_Work item:_
Quote exactly, and only, the lines from the one containing "Ancient India. Eran." through the end of the material below. Skip pictures.

_Dataset content:_
- Opening Delimiter -

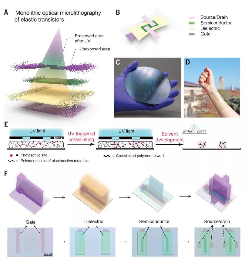 近日,斯坦福大學鮑哲南團隊提出了一種單片光學微光刻工藝,該工藝通過連續紫外光觸發溶解度調制,直接對彈性電子材料進行圖案化。研究人員制作了溝道長度為2微米的晶體管,密度高達42000個晶體管/每平方厘米;谠摲椒ㄟ構建了包含異或門和半加法器的彈性電路(兩者都是算術邏輯單元的基本組件)。該工藝為實現復雜、高密度、多層彈性電路的晶圓級制造提供了思路,且性能可與剛性電路相媲美。該研究以“Monolithic optical microlithography of high-density elastic circuits”為題發表在最新一期的《Science》上。據了解這是鮑哲南院士2020到現在的第三篇Science。連發2篇《Science》,柔性電子女神,鮑哲南院士2020年成果集錦)
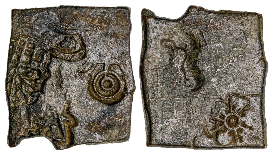 Ancient India. Eran. AE Square Unit, ca. 150-75 BC 8.53 gms. River, railed tree and 2 symbols punchmarks; six-armed symbol and horse. Mitch.4616/17var. EF. Ex SARC Auction 27, Jan. 27, 2017, lot 1923.
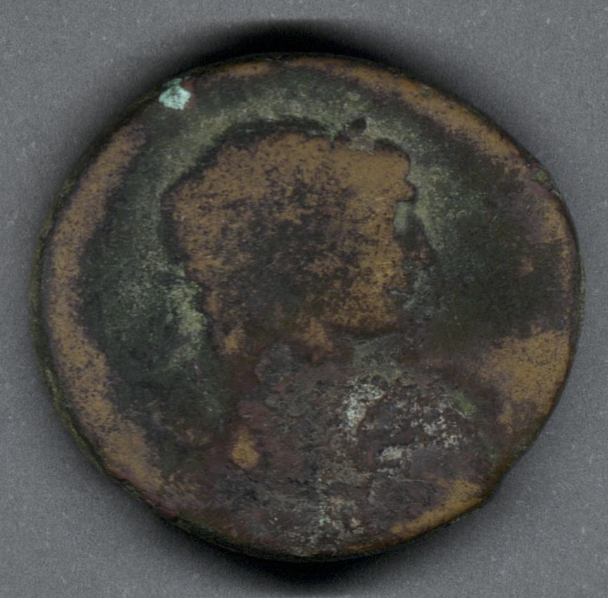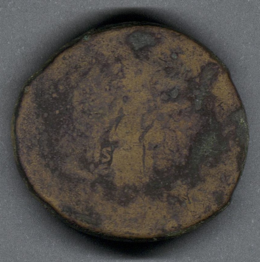 Pieza en mal estado de conservación, por lo que no es posible una identificación exacta y se propone una descripción general a partir del tipo, también se sugiere mayor investigación. Moneda acuñada por el emperador Trajano, mediante aprobación del Senado. Anverso con el busto laureado del emperador Trajano mirando a la derecha y leyenda ilegible. Reverso con una diosa drapeada de pie, leyenda ilegible y "S - (C)" en el campo. Fabricada por acuñación a martillo, peso de 25,4 gr.

- Closing Delimiter -

_Answer to this task:_
 Ancient India. Eran. AE Square Unit, ca. 150-75 BC 8.53 gms. River, railed tree and 2 symbols punchmarks; six-armed symbol and horse. Mitch.4616/17var. EF. Ex SARC Auction 27, Jan. 27, 2017, lot 1923.
 Pieza en mal estado de conservación, por lo que no es posible una identificación exacta y se propone una descripción general a partir del tipo, también se sugiere mayor investigación. Moneda acuñada por el emperador Trajano, mediante aprobación del Senado. Anverso con el busto laureado del emperador Trajano mirando a la derecha y leyenda ilegible. Reverso con una diosa drapeada de pie, leyenda ilegible y "S - (C)" en el campo. Fabricada por acuñación a martillo, peso de 25,4 gr.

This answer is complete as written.